Тут как раз впервые попалось выписанное еврейскими буквами нееврейское слово, и рядом – пояснение того, кто делал запись: мол, так на «кнааните» назывался молодой человек, парень – «פארובוק». Я не сразу догадался, что это было записанное еврейскими буквами украинское слово «парубок».

«Может, как раз сходство внешнее и притупило чувство тревоги, которое шевельнулось в сердце моем, едва тринадцать всадников-козаков сошли с парома в предместье Сечи. Впереди как раз и сошел тот, похожий на Дороша Бульбу младший брат его Тарас (как узнал я позже), а за ним, примерно на шаг отступая и вертя головами по сторонам, два юных парубка, схожих на него, так что сразу понятно становилось: сыновья. Коней своих вели они в поводу...

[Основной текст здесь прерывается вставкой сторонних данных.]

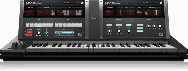 UVX80の操作画面は、実機を彷彿させるデザインになっています。実機同様、明快かつ扱いやすい設計になっています。2オシレーターのデュアルレイヤー構造では、オシレーター1に28、オシレーター2に111のサウンド波形プリセットが与えられています。そして、それぞれのレイヤーにマルチモードフィルター、ADSR、ピッチ、ポルタメント、ステレオ処理、アルペジエーターとモジュレーションホイールアサインが用意されています。さらに柔軟なLFOと16ステップのモジュレーターが、ダイナミックで複雑なサウンド変化を素早く操作します。最後におなじみの高品位のスタジオエフェクト:ドライブ、コーラス、フェイザー、ディレイとリバーブで音色を彩ります。
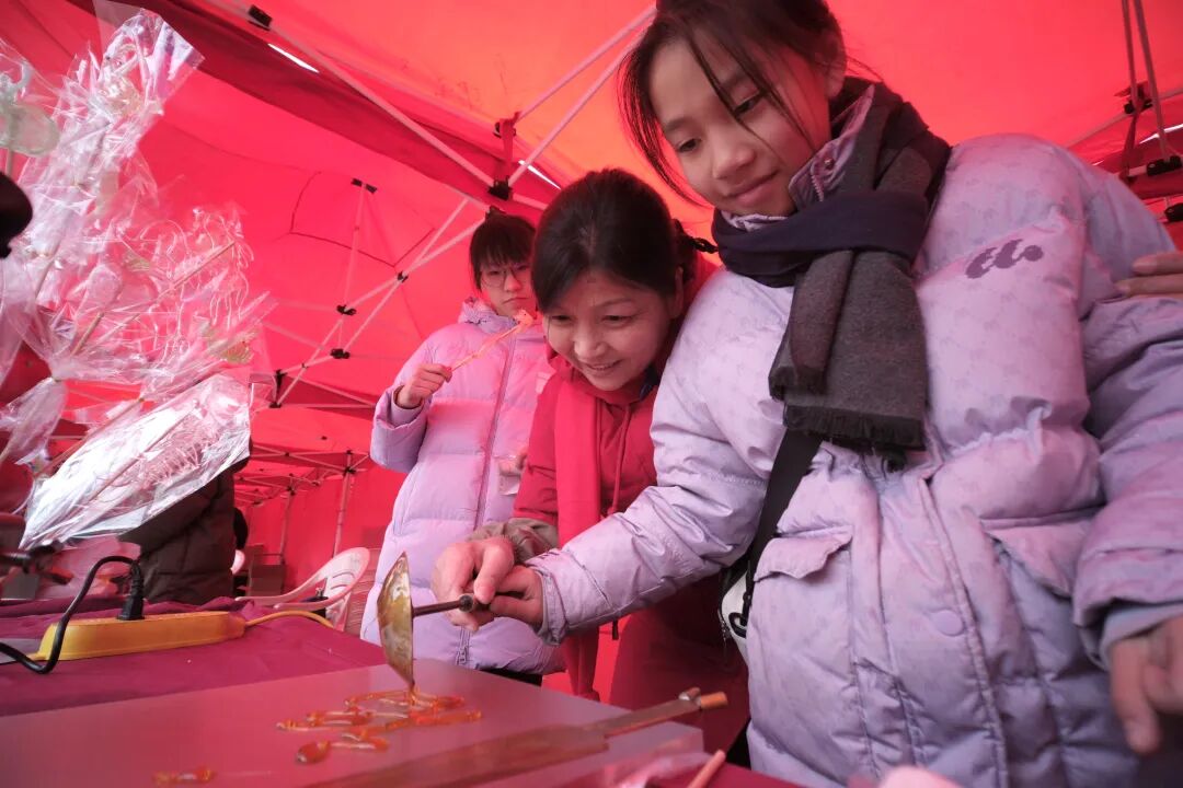 在孩子们的热情期待下,青少年民俗公教活动热闹开场。孩子们围在非遗传承人身边,跟着老师学习捏制“太平泥叫叫”,将一团团陶泥塑成憨态可掬的小动物;画糖人时,熬得金黄的糖稀在勺尖流转,转瞬化作栩栩如生的糖画,引得孩子们拍手叫好;现场编织的中国结、制作的木版年画,无不凝聚着孩子们对新年的美好期许。这场沉浸式的民俗课堂,不仅让青少年触摸到非遗技艺的温度,更让千年文化基因在欢声笑语中完成了一次生动的代际传递。

Ну и хорошо, что родственник Дорошу, ну и славно. Так думал я по наивности душевной. Ведь с паном Дорошем жили мы душа в душу – если можно такое сказать о казачьем полковнике и еврее-факторе. Когда пан Дорош попал в турецкий плен, кто как не я выкупил его? Восемьсот цехинов дал, восемьсот золотых польских злотых [195] ! Сами запорожцы (זאפורוז'צים) и не думали полковника выкупать на свои. Конечно, деньги, что я дал, были деньгами нашими с Дорошем общими. Сейчас-то, когда и его нет, да и других многих, можно сказать: были мы с ним компаньонами. Жил он, как и прочая старшина (סטארשינה) козацкая, на добычу, что доставалась ему в набегах – на что ж еще? Правда, был у него хутор где-то под Уманью, но он-то и не бывал там вовсе, разве что в год раз, потому хутор тот кормил только жену его, да и то не сладко. Дети Дороша в Кракове жили, шляхтичами. Так что пускал ту добычу пан Дорош в оборот и в рост – через меня, своего фактора. Так ведь и другие полковники делали, и атаманы куренные, и писари. Поэтому когда иной запорожец, пропив всю одежу свою через неделю после возвращения из набега, закладывал мне пищаль или пистоль, или люльку старую, он, бидолаха (בידולאכה), и не знал даже, что закладывает ту пистоль не жиду Янкелю, а полковнику своему Дорошу. А вернее, нам обоим. Хотя у меня доля была поменьше, а головная боль – больше, ох, больше. Словом, моих цехинов там было четыреста, и его самого – тоже четыреста, вынул я их из оборота. В рост пущенные, они за месяц-другой могли дать вдвое, но что делать-то оставалось? И собрался я, написал жене моей Злате письмо – чтоб староста наш Мордехай, в случае, не дай Бог, беды, которую называть не буду, отвез ей, – и поехал за Дорошем.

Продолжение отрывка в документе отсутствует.